That was why Torres was being allowed to fly on an unsuspecting commercial airliner with a lethal cargo. The decision to do so had been carefully weighed by the heads of Russian and German intelligence. They had concluded that the risk of the plutonium detonating was “infinitesimal.” Permission for Torres to travel had been given by both their respective governments to see if Torres would lead them to the end user for the material. Israel had not been consulted on the matter. The operation was officially only a German-Russian one. In the past, Mossad, on more than one occasion, had been a silent partner where other agencies had claimed the credit.

From her vantage point overlooking the airport departure gates on that August morning, “Lila” knew her role in this case was over. A Mossad agent—code-named Adler—was already positioned in the lobby of the Excelsior Hotel in midtown Munich, where Torres was to make his handover. Another agent—Mort—was at the Munich airport awaiting the arrival of Flight 3369.

A third agent—“Ib”—sat two seats back from Torres as the plane headed west on its three-hour flight. Across the aisle from Torres sat Viktor Sidorenko, Russian deputy minister for atomic energy. His responsibilities included protecting his country’s nuclear arsenal. Russia now had around 130 tons of weapons-grade plutonium, enough to make sixteen thousand atom bombs, each twice the size of the one that destroyed Hiroshima.

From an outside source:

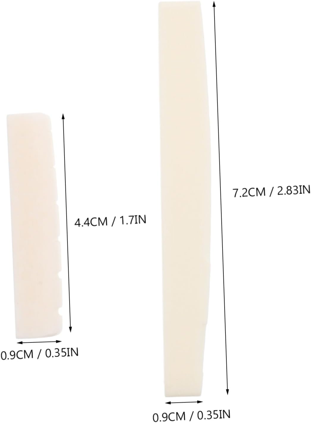 Ponte e capotasto con suonabilità: riduce l'attrito delle corde, offre un'esperienza di gioco più e un migliore allineamento delle corde, parti di ricambio per capotasto per chitarra, forniture per chitarra Sella per ponte universale: adatta a un'ampia di chitarre acustiche e folk, questo set è ideale per musicisti professionisti che per hobbisti, ponte di ricambio, sella per chitarra Materiale in osso di bue: realizzato in osso di bue, questo set offre una durata eccezionale e contribuisce a un suono più ricco e vibrante, ponte regolabile, per chitarra Miglioramento del suono : la sella del ponte in osso riduce al minimo le indesiderate e massimizza il contatto delle corde, della chitarra, sostituzione del ponte della chitarra Usura ridotta delle corde: il tipo di capotasto in osso riduce al minimo l'attrito, prolungando la durata delle corde e garantendo prestazioni costanti, accessori per la manutenzione della chitarra folk, sostituzione del ponte

Sidorenko had received a number of disturbing reports that detailed lax controls and low morale among the staff of hundreds of Russian institutes and research centers with access to radioactive substances. A few months before, a worker at a nuclear plant in the Urals had been arrested with radioactive uranium pellets in a plastic bag. Over five kilos of uranium had been squirreled away by workmen at another plant near Minsk and hidden in their homes. The thefts had only come to light when a kilo was sold for twenty bottles of vodka. Sidorenko was traveling to Germany to assure Chancellor Helmut Kohl’s government that cases like this would never happen again; the Germans were threatening sanctions.

At 5:45 P.M., exactly on time, Flight 3369 landed at Munich’s Franz Josef Strauss Airport and taxied to its terminal C stand. Minister Sidorenko was the first to deplane. He was whisked away by a waiting car and driven to a high-security area. There he was told that Tashanka had just been arrested in Moscow.

Torres entered the arrivals area. The presence of heavily armed German police would not have surprised him. Munich had always made a show of its security after the Olympic Games massacre of Israeli athletes. Torres made a telephone call to the Excelsior Hotel, and was connected to room 23. Waiting there was a Spaniard, Javier Arratibel, whose passport described him as an “industrialist.” In fact, he was the broker for the plutonium. He called a man he knew only as Julio-O.

The calls had been monitored by German intelligence officers. As Torres strolled to the luggage carousel to collect his suitcase, he was observed from a nearby office by Munich police superintendent Wolfgang Stoephasios and the senior intelligence officer.

Torres picked up his suitcase and walked toward the Nothing to Declare exit. Ib and Mort followed. They could do no more. They had no power of arrest here. Stoephasios emerged from his office. It was the signal for action.

In moments Torres was surrounded and bundled away. The suitcase was taken to a room. Inside waited a white-suited figure with a Geiger counter. With him were bomb-disposal experts. They used a portable X-ray machine to see if the case was wired with explosives. It was not. Neither was there a telltale clicking from the Geiger to indicate a leak of fissionable material. The suitcase was opened. Inside, wrapped in heavy plastic, were the containers of plutonium 239. They were removed and placed in bomb-blast boxes and carried to a waiting armored truck. From there they were taken to Germany’s atomic energy complex.

In the Excelsior Hotel, Arratibel was arrested. But the next link in the chain, Julio-O, had slipped across the border into Hungary. The Hungarian police said they would look for him. But no one was holding his breath in Munich. Hungary was known to be one of the entry points to the West for Russian smugglers.

The Mossad men informed Tel Aviv what had happened.

In Tel Aviv, Mossad’s director general, Shabtai Shavit, saw the outcome as another small victory in the endless battle against nuclear terrorism. But he was not alone in wondering how many other suitcases had slipped through, how soon before there would be a nuclear explosion unless impossible demands were met.